FRIENDS quote prediction using FRIENDS embeddings (an Udacity Data Science Nanodegree project).
Appart from the common Numpy and Pandas libraries, the project relies on Python 3.* and:
- Keras
- Scikit-learn
- FastText Common Crawl embeddings.
Data comes from here and contains more than 90K FRIENDS lines from all 10 seasons.
Starting from this data, conveniently curated and merged into a single csv file here, the project uses part of the lines available in the data to create an LSTM-based language model for each FRIENDS character starting from pre-traing FastText word embeddings. With these models in hand, a classification model is then created that is able to accurately predict the friend who said a given line.
A more detailed description of the project can be found here.
- Pre-trained language models for each FRIENDS character trained with quotes from Seasons 1-8.

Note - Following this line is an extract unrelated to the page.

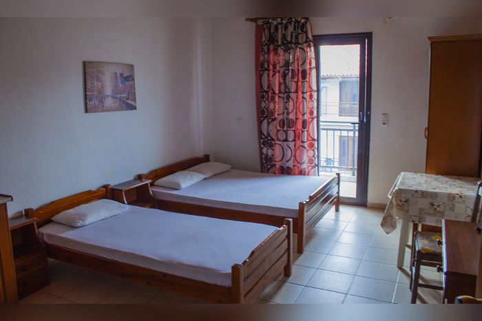 бр.203- 1/3 студио со два „грчки“ потесни дупли кревета, поглед кон заден двор и градина. Се наоѓа на 1 кат.

- Jupyter Notebook with code for downloading the data, creating the above mentioned models and training and testing a quote classification model on data from Seasons 9 and 10.
Pre-trained FRIENDS embeddings for each character are provided, but there is code available to train your own, maybe using a different architecture. Running the entire notebook will download FastText vectors, create the language models and train the quote calssifier.
Feel free to use the code here as you would like! Thank you shilpibhattacharyya for making the curated data available.